**WHAT NEEDS TO BE DONE**.
In the entries below, find the line with "Wohnraum mit Kabel-TV, Radio, Kaminofen, Telefon" and the line with "이미 120개 이상의", then retype both and everything between them exactly. Do not copy the pictures.

**RECORDS TO PROCESS**.

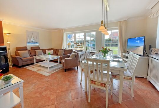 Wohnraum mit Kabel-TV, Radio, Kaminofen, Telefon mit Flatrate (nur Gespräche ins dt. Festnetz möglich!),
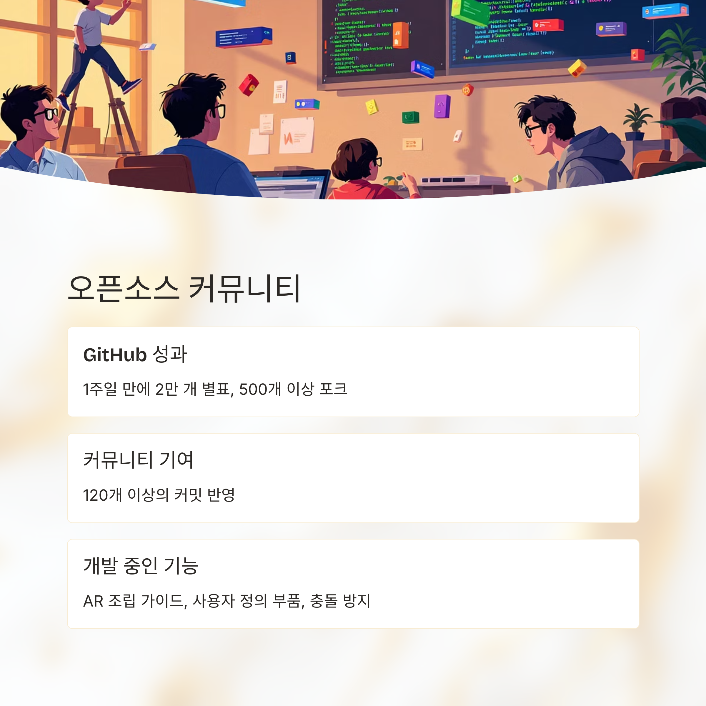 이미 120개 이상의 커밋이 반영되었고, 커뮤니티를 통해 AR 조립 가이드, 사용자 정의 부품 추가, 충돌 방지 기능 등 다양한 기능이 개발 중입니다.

---

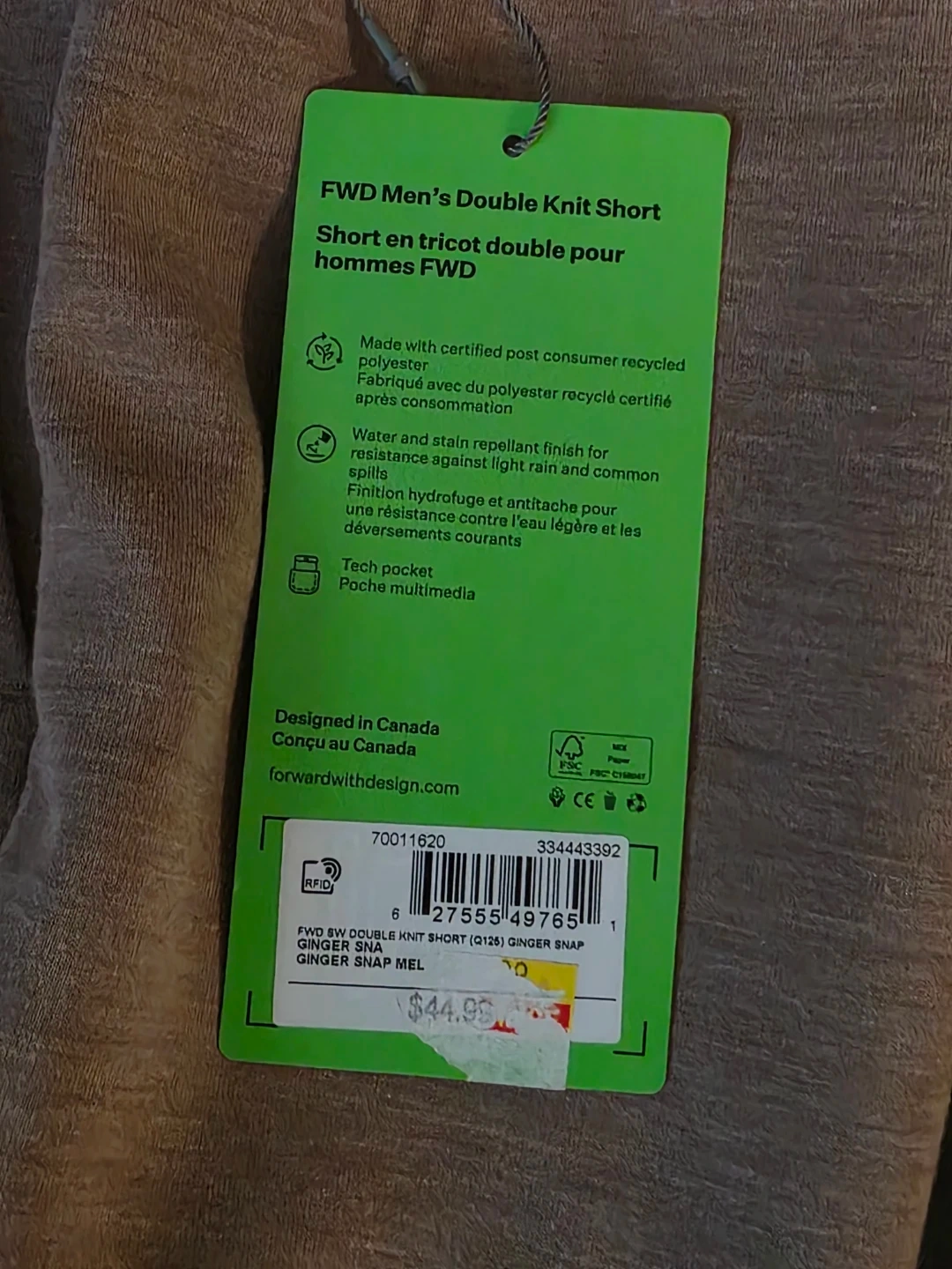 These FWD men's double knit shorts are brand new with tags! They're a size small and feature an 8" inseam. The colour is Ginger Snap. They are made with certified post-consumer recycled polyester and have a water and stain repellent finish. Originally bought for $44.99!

**SOLUTION TO THE EXERCISE**.
 Wohnraum mit Kabel-TV, Radio, Kaminofen, Telefon mit Flatrate (nur Gespräche ins dt. Festnetz möglich!),
 이미 120개 이상의 커밋이 반영되었고, 커뮤니티를 통해 AR 조립 가이드, 사용자 정의 부품 추가, 충돌 방지 기능 등 다양한 기능이 개발 중입니다.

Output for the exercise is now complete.